Wow, this is a gorgeous application of generating functors and generating functions. It highlights the differences in the approaches and where they both shine: the functors rely on explicit bijections and looking into the process of building up the thing you’re counting (so they feel very concrete and constructive), while the functions are truly analytical objects that can be worked with complex analytically (and so they partake in the magic that is complex analysis)!

Posted by: David Jaz Myers on November 24, 2019 10:22 PM | Permalink | Reply to this

### Re: Random Permutations (Part 2)

Thanks! Yes, I’m looking for examples that really illustrate the interaction between species and complex analysis. I’m also hoping there’s more than meets the eye here: maybe a kind of categorification of certain pieces of complex analysis.

For example, for any open set $U \subseteq \mathbb{C}$ there’s a ring $A(U)$ of analytic functions on $U$. But also for any $U$ containing the origin there’s a 2-rig of finite species whose generating functions lie in $A(U)$, where the 2-rig operations are the usual addition and multiplication of species (that is, coproduct or more generally finite colimits, and the Day convolution tensor product). I wish this were a sheaf (or stack) of 2-rigs on $\mathbb{C}$, but it seems I only have access to these generating functions through their Taylor series at the origin. I need to think about how analytic continuation works at the categorified level.

Posted by: John Baez on November 24, 2019 10:30 PM | Permalink | Reply to this

### Re: Random Permutations (Part 2)

Here’s a question I don’t know the answer to.
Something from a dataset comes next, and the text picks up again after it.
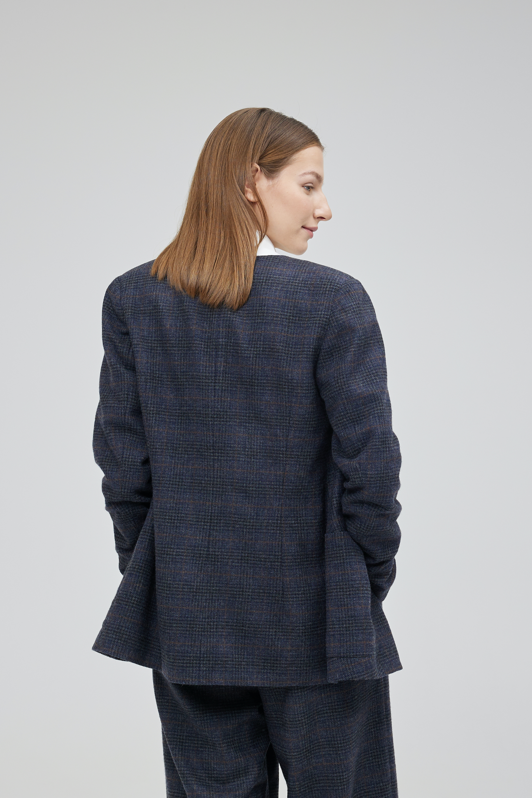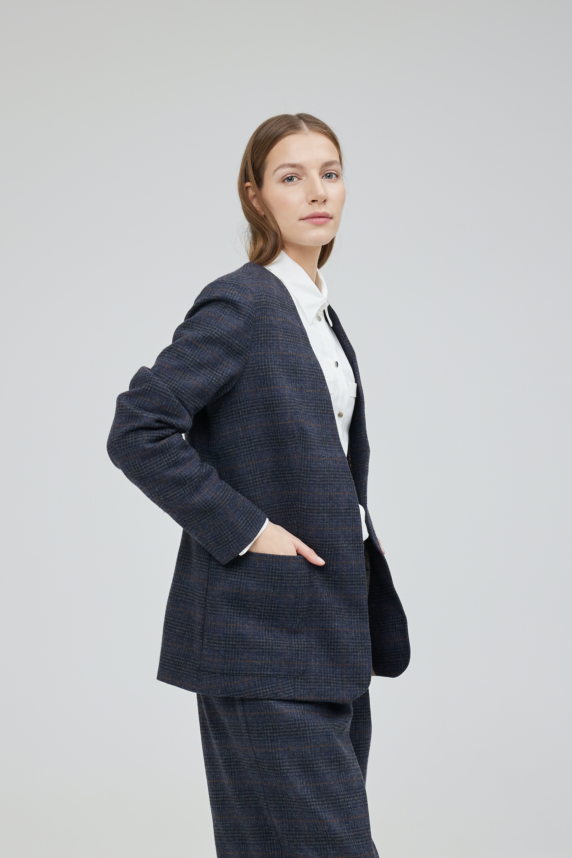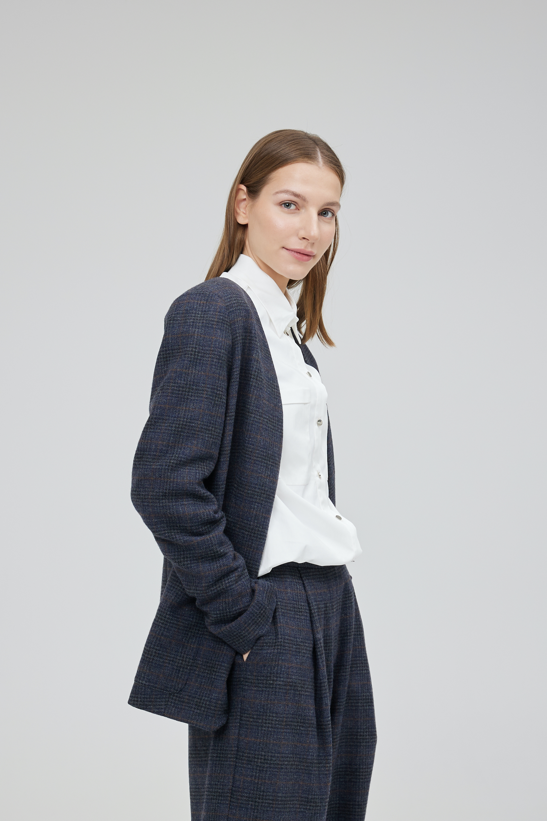 Силуэт жакета прямой, слегка приталенный, без явного эффекта owersize. Длина жакета 70 см. Накладный скруглённые карманы, вторят мягкому силуэту и ткани.

Preamble: any map $f: X \to X$ from a finite set to itself — not necessarily a permutation! — gives rise canonically to a permutation $f|_{X_f}$ of a subset $X_f$ of $X$. It’s constructed like this: the chain of subsets

$f X \supseteq f^2 X \supseteq f^3 X \supseteq \cdots$

can’t keep getting smaller forever (since they’re all finite), so it must stabilize somewhere. Call the set at which it stabilizes $X_f$. Thus,

$X_f = \bigcap_{n \geq 0} f^n X.$

(This is the set of “eventually periodic” points of $f$.) Then $f|_{X_f}: X_f \to X_f$ is surjective and therefore bijective.

Now the question: when $X$ is large and $f: X \to X$ is a function chosen uniformly at random, how big do we expect $X_f$ to be?

In words only: what is the expected cardinality of the set of eventually periodic points of a random endomorphism?

In notation: for a finite set $n$, let $a_n$ denote the mean cardinality of $X_f$, taken over all endomorphisms $f$ of an $n$-element set $X$. What can be said about $a_n$ in terms of $n$, for large $n$?

I’ve phrased this in an open-ended way, because I don’t have a good sense of what a good precise question is. Obviously $a_n$ grows with $n$, so a first attempt at a precise question is this: what is $\lim_{n \to \infty} \frac{a_n}{n}$ (if it exists)?

Posted by: Tom Leinster on November 25, 2019 2:45 AM | Permalink | Reply to this

### Re: Random Permutations (Part 2)

Thanks for a great puzzle, Tom!

I should be able to figure this out: it’s a good test of my generating function expertise. But if someone knows, they should just say.

Right now I’m guessing $a_n$ is of order $\sqrt{n}$.

One reason I’m guessing this is that if we take a random permutation of a large $n$-element set, the expected size of its largest cycle is $\lambda n$ where $\lambda \cong 0.624$ is the Golomb–Dickman constant, while if we take a random endofunction, the expected size of its largest cycle (“eventual cycle”) is much smaller, just $\lambda \sqrt{\pi n/2}$.

But all this “largest cycle” stuff is distracting clutter when it comes to your question; your question is more fundamental.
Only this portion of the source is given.